The economic activity affecting trucking could see a challenging year, according to Bob Dieli, president and founder of RDLB Inc., an economic research and management consulting firm, speaking at the Heavy Duty Aftermarket Dialogue in Las Vegas on Jan. 28.
But Dieli was quick to add that challenging does not necessarily mean bad.
Truckable Economic Activity is MacKay & Company’s proprietary measure of trucking activity, designed to measure all types of economic activity that move by truck, providing a more industry-applicable economic indicator than the broader Gross Domestic Product.
Dieli expects supply chain issues to dominate. in part because of trade and tariffs matters, but also because of structural issues that already exist inside the industry.
At this time last year, he pointed out, the one area of TEA that he had concerns about was the government piece. This year, he has concerns about the investment, export, and import sectors. He believes these factors could put as much as 50% of TEA at risk. The concern with exports is illustrated by what happened when the U.S. imposed a 10% tariff on steel from China. China then imposed a 25% retaliatory tariff on soybeans. China was a major market for U.S. soybean imports. On average, food exports account for 10% of total exports. In addition, imports of nonautomotive consumer goods account for 25% of truckable imports.
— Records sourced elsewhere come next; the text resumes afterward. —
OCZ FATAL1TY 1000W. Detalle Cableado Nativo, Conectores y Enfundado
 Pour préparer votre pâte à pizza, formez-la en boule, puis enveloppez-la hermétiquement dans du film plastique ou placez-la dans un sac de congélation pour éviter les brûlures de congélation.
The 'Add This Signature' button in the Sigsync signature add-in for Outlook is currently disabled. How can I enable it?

There is also a concern that a large inventory of imported goods has been built up. “How much is a prebuy because of tariffs? How much is unsold because of tariffs?” he asked.
Residential structures are another area of concern, and they represent 25% of truckable fixed investment.
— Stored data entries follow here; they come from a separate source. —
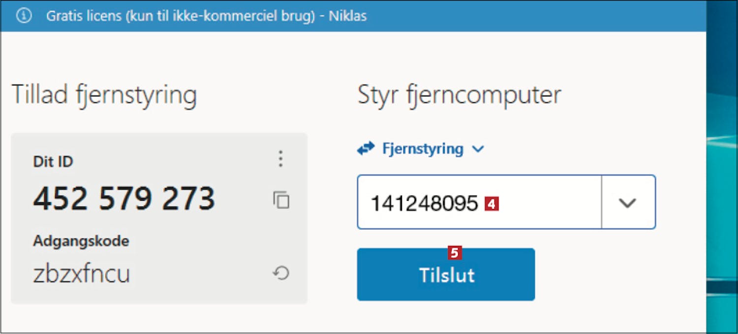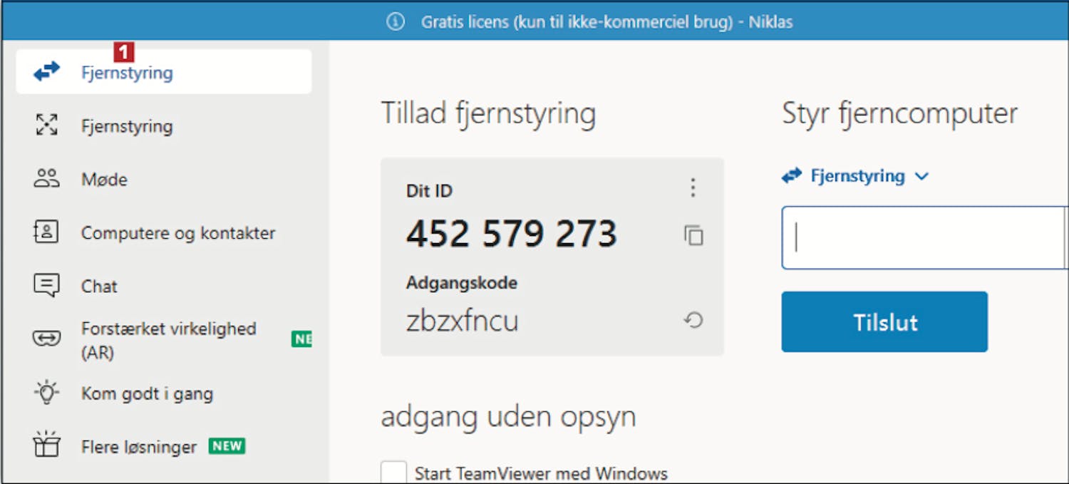 Det kræver end ikke en brugerregistrering at arbejde med TeamViewer. Du skal blot åbne programmet, og så er du i gang.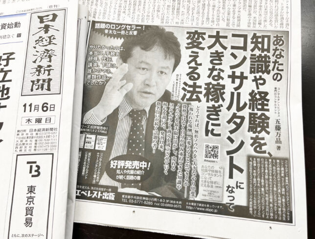 11月6日、日本経済新聞本紙第3面に、当社代表五藤のロングセラー著『あなたの知識や経験を、コンサルタントになって大きな稼ぎに変える法』が、他の書籍と共に出版元のエベレスト出版より広告掲載されました。五藤の本は併せて他のシリーズ書も告知されています。まだお読みになられていない方は、ぜひお手に取っていただければと存じます。(青山)
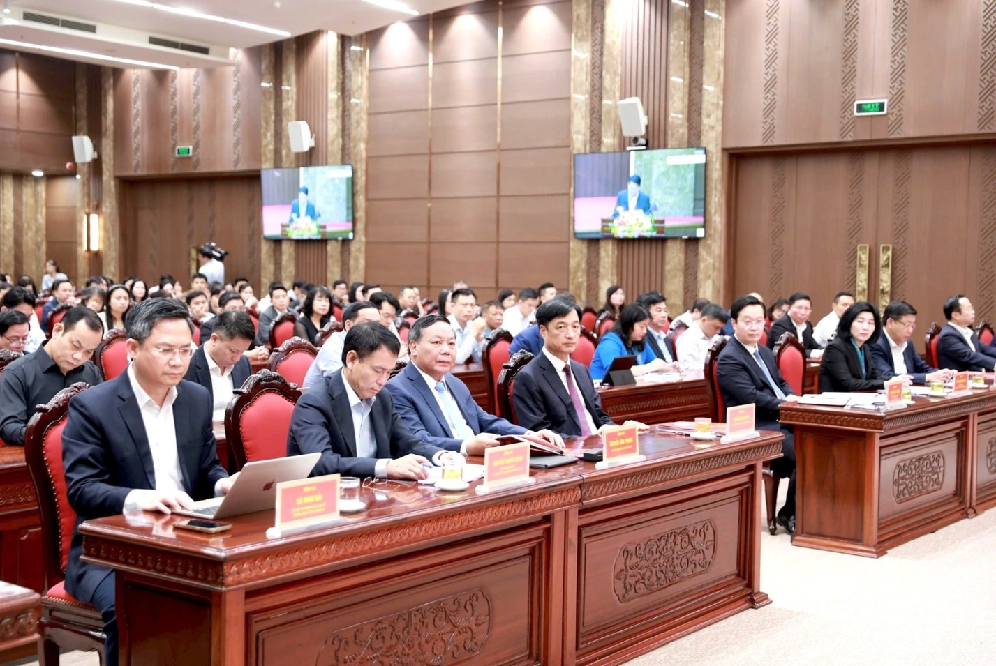Các đại biểu dự điểm cầu Thành ủy Hà Nội.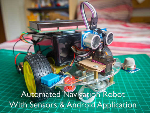 Esto se ha hecho cientos de veces así que quería mezclar un poco, para ello he querido incluir algunos sensores adicionales en combinación con un módulo Bluetooth, esto permite que el robot recoger datos de condición ambiental luego transmitirla a una aplicación Android, desde la aplicación Android también puede cambiar el estado del robot de modo navegación a ralentí donde el robot seguirá siendo inmóvil pero todavía transmite datos del sensor.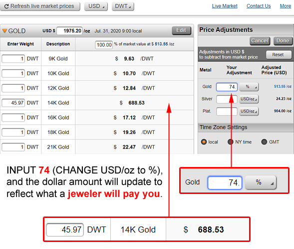 A simpler way, is to just use Kitco’s gold calculator and input 74% into the PRICE ADJUSTMENTS widget. That gets you real darn close to what you can sell your jewelry for: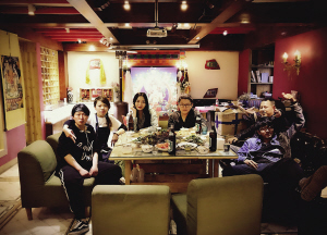 民宿不提供餐食,但設(shè)有開放式廚房,天南海北的有緣人齊聚于此,各顯身手,呈現(xiàn)出一大桌美食,對酒當(dāng)歌,歡笑晏晏,民宿的隨性,讓人恍若回到家里一樣溫暖、親切。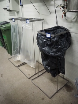 3 s/s waste bag holders, dimensions: (2x) 600 mm x 600 mm x 1250 mm and 600 mm x 600 mm x 1100 mm.€ 15,000 bids26/02/2026 15:00 -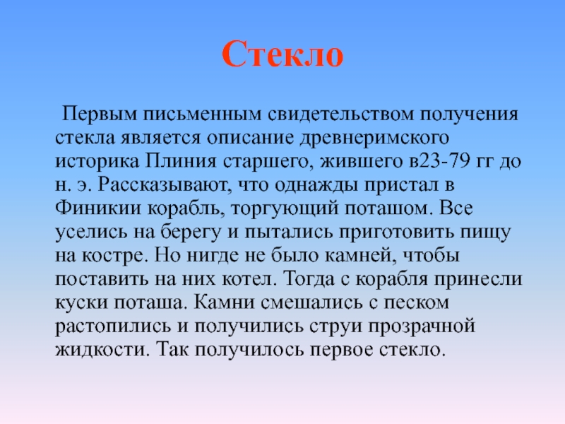 жившего в23-79 гг до н. э. Рассказывают, что однажды пристал в Финикии корабль, торгующий поташом. Все уселись на берегу и пытались приготовить пищу на костре. Но нигде не было камней, чтобы поставить на них котел. Тогда с корабля принесли куски поташа. Камни смешались с песком растопились и получились струи прозрачной жидкости. Так получилось первое стекло.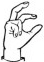 На ћирилици написано СУЗАНА ШВРАКА састоји се из 12 слова [?]. Исписано ћириличном једноручном азбуком за глувонеме: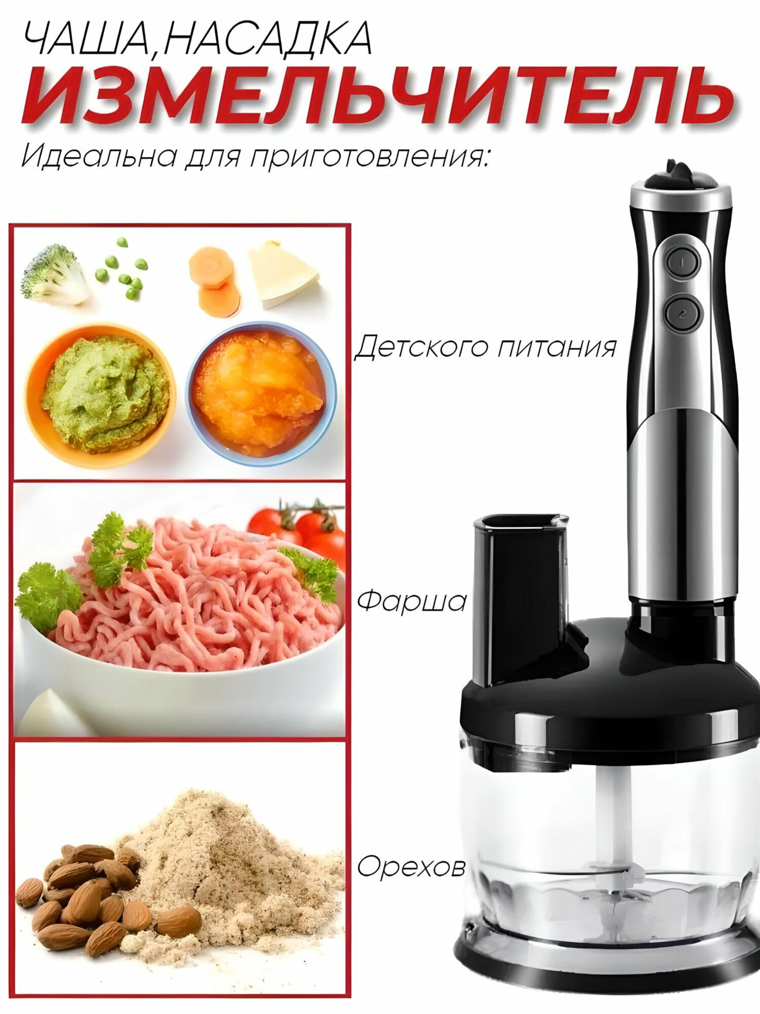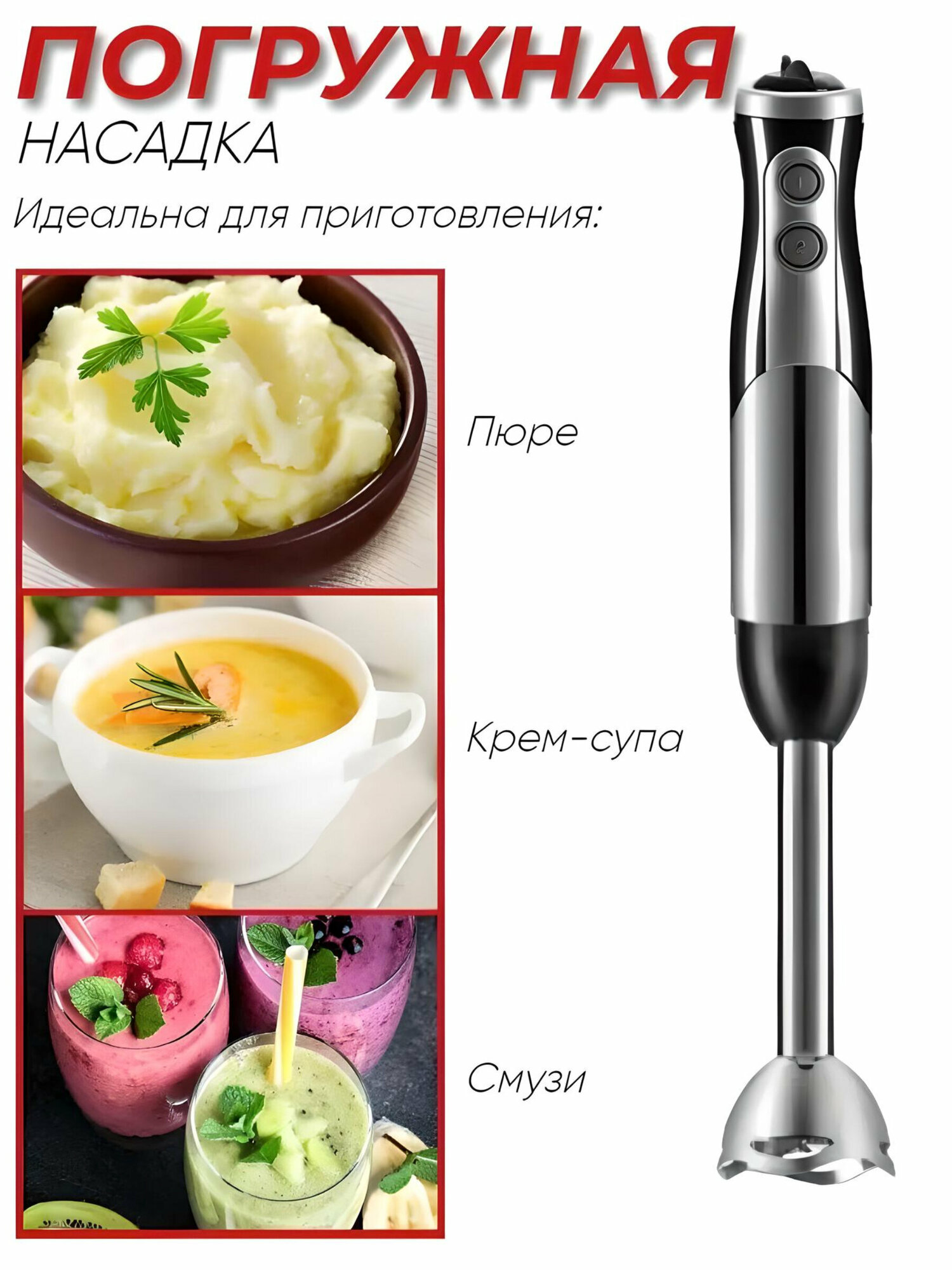 | Насадки | венчик для взбивания / для приготовления пюре / измельчитель / насадка для шинковки / терка |

Jobs and trucks are good economic forecasting tools, Dieli said. “Drivers are hired when there is freight to be hauled, with rise in freight volume is rise in transportation employment.” And, he added, “Trucks are purchased when there is freight to be hauled.”
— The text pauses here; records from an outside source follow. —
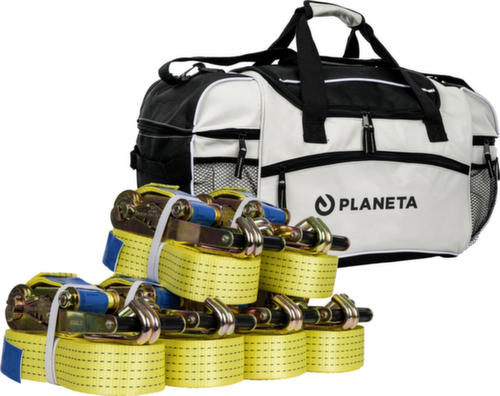 "longDescription": "<h2>Pacchetto cinghia di fissaggio</h2><strong>incl. borsa sportiva</strong><br><ul><li>in poliestere impermeabilizzato con poliuretano</li><li>con gancio profilato e cricchetto</li><li>con righe delle tonnellate intessute</li><li>con etichetta di capacità di carico</li></ul><br><h3>il set è composto da:</h3><ul><li>6x 8 m, larghezza nastro 50 mm, forza di trazione 5000 daN, in 2 parti</li></ul><br><h3>Norma/direttiva/regolamento:</h3><ul><li>Conforme a EN 12 195-2</li></ul>",
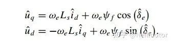 文中的方法可以简单介绍如下,下图所示公式(也是核心公式)为估计坐标系的ud^、uq^,当存在转子位置误差时,uq^无法达到最大值,那么通过传统无感算法估计出的角度之上增加一个较小的角度变量,看Uq是否会变大,如果uq增大了,说明调整方向是对的;如果uq减小了,那么换个方向,减小个较小的角度变量。重复上个过程,最终uq会在最大值附近波动,当然也可以在稳定过程中,减小补偿角度变量的幅值,以求减小波动。但我个人觉得这样会影响动态情况下的响应速度,看个人取舍。由于uq变化幅度较小,辨识起来容易出现误判,这里我对文章的判断方法进行了一些改动。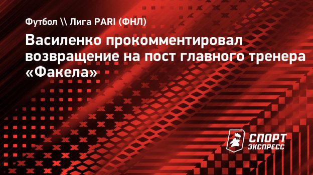 Василенко — о возвращении на пост главного тренера «Факела»: «Цель понятна, клуб должен играть в РПЛ»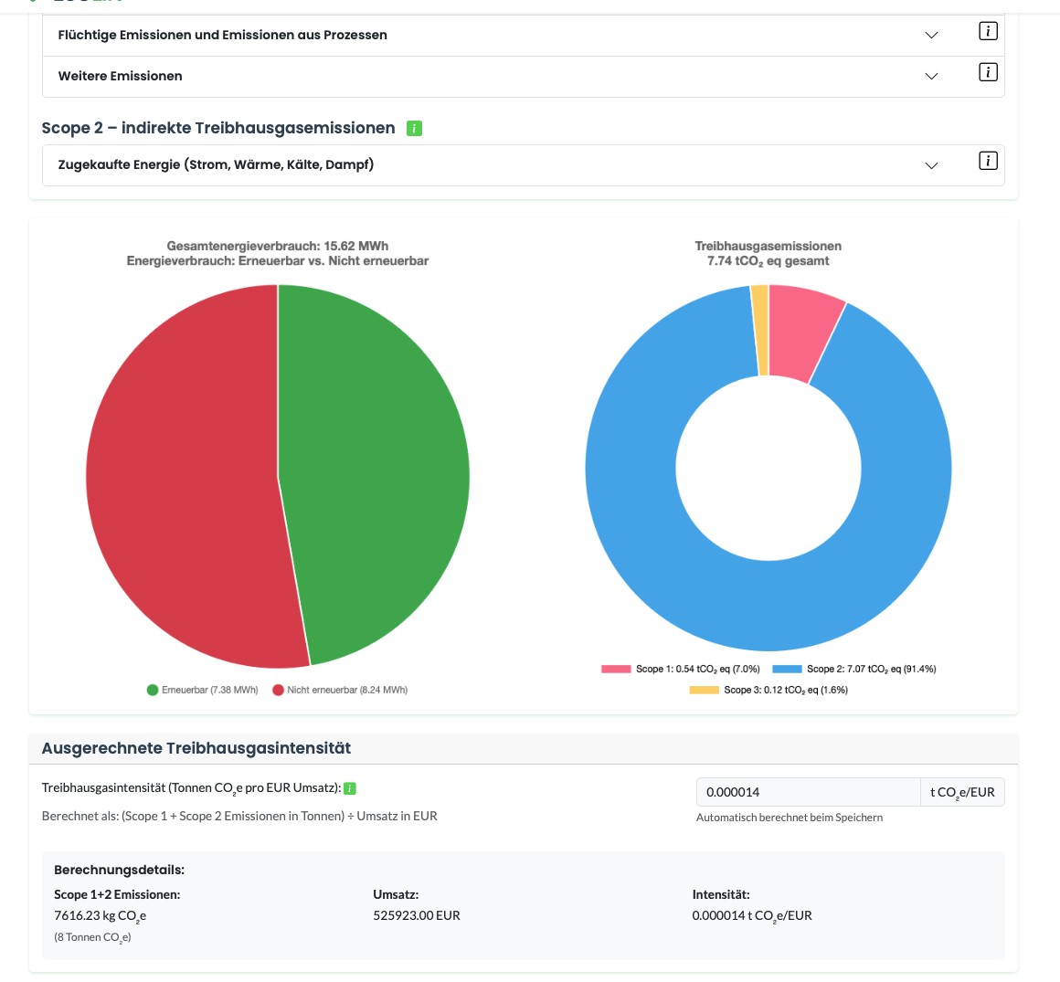Eingabe der Umweltkennzahlen inklusive CO2-Footprint

Based on what he is seeing, Dieli also said we are we are in the boom phase of the business cycle. During the boom phase, the economy continues to expand. However often in the boom phase of an economic cycle, employment levels will fall. A typical economic cycle is expansion, boom, peak, trough, recovery, expansion.
He suggested that meeting attendees ask themselves these three questions during the boom phase:
- Stability — How is your biggest customer doing? If they are having a problem, you, too, are going to have a problem.
- Sustainability — How is your biggest supplier doing? Are they impacted by tariffs?
- Hostility — How is your biggest competitor doing? He told attendees to figure out who their biggest competitors are, look at what they are doing, and make sure to understand the competitive environment.
“For 2019 TEA looks to be challenging, but not necessarily bad,” he said. Describing TEA as a five in 2018, Dieli said, it will not be a five in 2019. “It could be a three or a two."
Supply chain issues will also be a factor and will impact who moves freight, where it originates, and what it costs to ship it.
And the industry will also feel the impact of some structural issues like hours of service, the electronic logging device mandate, and a changing CSA program. “These are issues that have to do with how the industry works,” Dieli explains.
In closing, Dieli left the audience to ponder this quote by E. Hamilton Lewis: "There are old pilots and there are bold pilots. But there are no old bold pilots.” A quote that he says sums up what is in store for the industry in the next 12 months.